Bernd Klein · Texte, composition et interprétation

Polysephone
Quand le monde est à l’envers

Une chanson sur des certitudes inversées, une vérité qui disparaît et la question de savoir si nous résistons ou si nous nous contentons de regarder.

« Polysephone » est née de l’image d’un monde où les rôles familiers basculent dans leur contraire : les moutons cherchent protection auprès des loups, les poissons nagent vers le requin, le voleur garde les trésors et le menteur décide de ce qui doit passer pour vrai.

Un nom inventé entre mythe et polyphonie

Polysephone est un mot délibérément inventé. Il évoque d’abord Perséphone, figure de la mythologie grecque qui se tient entre le monde d’en haut et le monde souterrain. En même temps, il fait entendre polyphonie — le jeu de plusieurs voix indépendantes — ainsi que le mot symphonie.

Il ne s’agit pas d’une étymologie, mais d’un jeu de mots musical. Le grec phonē signifie voix ou son ; « Polysephone » devient ainsi, pour moi, une figure de plusieurs voix et en même temps de deux mondes. Cette ambiguïté correspond à la pièce : rien ne reste univoque, et des significations apparemment fixes changent de côté.

Que se passe-t-il lorsque les notions elles-mêmes perdent leur direction — lorsque la protection devient dangereuse, le mensonge crédible et la vérité suspecte ?

Les paroles originales complètes

When the gentle sheep choose ruthless wolves to keep them safe,
When fish swim straight into the shark's wide, waiting maw like a grave.

Will we rise, will we fight, will we break through the silence and chains?
Or just silently watch as it all disappears in the fire and flames?

When the blind mislead the sighted to the edge of a steep, high cliff,
When the road to escape is shattered, winding, rugged, and stiff.

When the thief is crowned as the guardian of treasures untold,
When the liar's deceit is embraced and his falsehoods are sold,
When the poison is offered as the one and only cure.

Will we rise, will we fight, will we break through the silence and chains?
Or just silently watch as it all disappears in the fire and flames?

When silence drowns out the wisdom of those who see through disguise,
When the truth disappears, entangled in a web full of lies,
When the world turns over, collapsing in sorrow and shame,
When they still wear their masks and insist that it's all just the same.

Will we rise, will we fight, will we break through the silence and chains?
Or just silently watch as it all disappears in the fire and flames?

Oh, the world's upside down, turning fast as the echoes resound,
Where deception stands tall and the truth is left lost in the ground.

Will we rise, will we fight, will we break through the silence and chains?
Or just silently watch as it all disappears in the fire and flames?
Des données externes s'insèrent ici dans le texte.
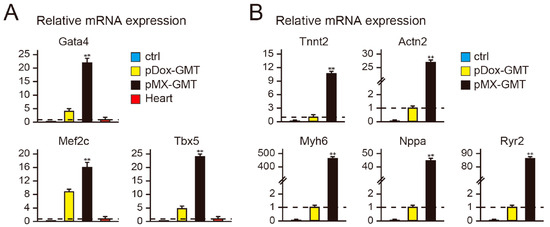 Cardiac reprogramming is more efficient using pMX-GMT (a Mixture of pMX-Gata4, -Mef2c, and -Tbx5) than that using pDox-GMT (a Mixture of pDox-Gata4, -Mef2c, and -Tbx5). (A) qRT-PCR for Gata4, Mef2c, and Tbx5 expression in mouse embryonic fibroblasts (MEFs), pDox-GMT-transduced MEFs, pMX-GMT-transduced MEFs, and heart tissue (n = 3, independent triplicate experiments). Data were normalized to the values of heart tissue (the dash lines); (B) qRT-PCR for TnnT2, Myh6, Nppa, and Ryr2 mRNA expression in mouse embryonic fibroblasts (MEFs), pDox-GMT-transduced MEFs and pMX-GMT-transduced MEFs after one week (n = 3 independent triplicate experiments). Data were normalized to the values of pDox-GMT-transduced MEFs (the dash lines); (C) FACS analyses of cardiac troponin T (cTnT) expression induced by pDox-GMT in the presence of Dox or pMX-GMT after one week; (D) quantitative data of (C) (n = 3 independent triplicate experiments); (E) immunocytochemistry for α-actinin in pDox-GMT-transduced MEFs in the presence of Dox, and pMX-GMT-transduced MEFs, after four weeks. The high-magnification views in the insets show the sarcomeric organization; (F) quantitation of α-actinin-positive cells (n = 3 independent triplicate experiments). All data are presented as mean ± SD. * p < 0.05, ** p < 0.01 vs. the relevant control. The scale bars represent 100 µm.

Le Cri – l’image d’un monde bouleversé

J’ai également utilisé « Polysephone » pour mon film « Did This Artist Predict the Future? » consacré au Cri d’Edvard Munch. Pour moi, l’image de Munch n’est pas seulement une représentation de l’angoisse. Elle ressemble à l’image d’une réalité où l’ordre familier lui-même commence à vaciller — et c’est précisément pourquoi elle convient si bien à ce texte.

Peut-être Le Cri est-il même un peu trop efficace : le film ne compte pas vraiment parmi les images les plus inoffensives de ma chaîne. Ceux qui osent tout de même peuvent le trouver ici :

Miniature du film sur Munch Did This Artist Predict the Future?
Did This Artist Predict the Future? — le film sur Munch sur YouTube.

Une vidéo antérieure autour du même thème

Dans une vidéo antérieure également, la musique, la transformation artistique et la question d’une réalité devenue incertaine se rencontrent.

Miniature d’une vidéo antérieure de Bernd Klein
Une vidéo antérieure de Bernd Klein — à voir sur YouTube.

L’album Polysephone

« Polysephone » est aussi le morceau-titre de mon album du même nom. L’album est paru en 2025 et comprend six morceaux. On y trouve également « Eel’usive Truth », qui a ensuite accompagné les deux films expérimentaux sur Van Gogh.

Deux morceaux, une question apparentée

« Polysephone » et « Eel’usive Truth » sont musicalement différents, mais tournent autour d’une expérience proche : que se passe-t-il lorsque la réalité ne semble plus fiable ? Dans « Polysephone », le monde est renversé par les mots. Dans « Eel’usive Truth », la vérité se dérobe comme quelque chose qu’on essaie juste de saisir.

Pour moi, cette question relie musique et image. C’est pourquoi les deux morceaux apparaissent dans des films qui interrogent la perception, la transformation artistique et la relation entre réalité et imagination.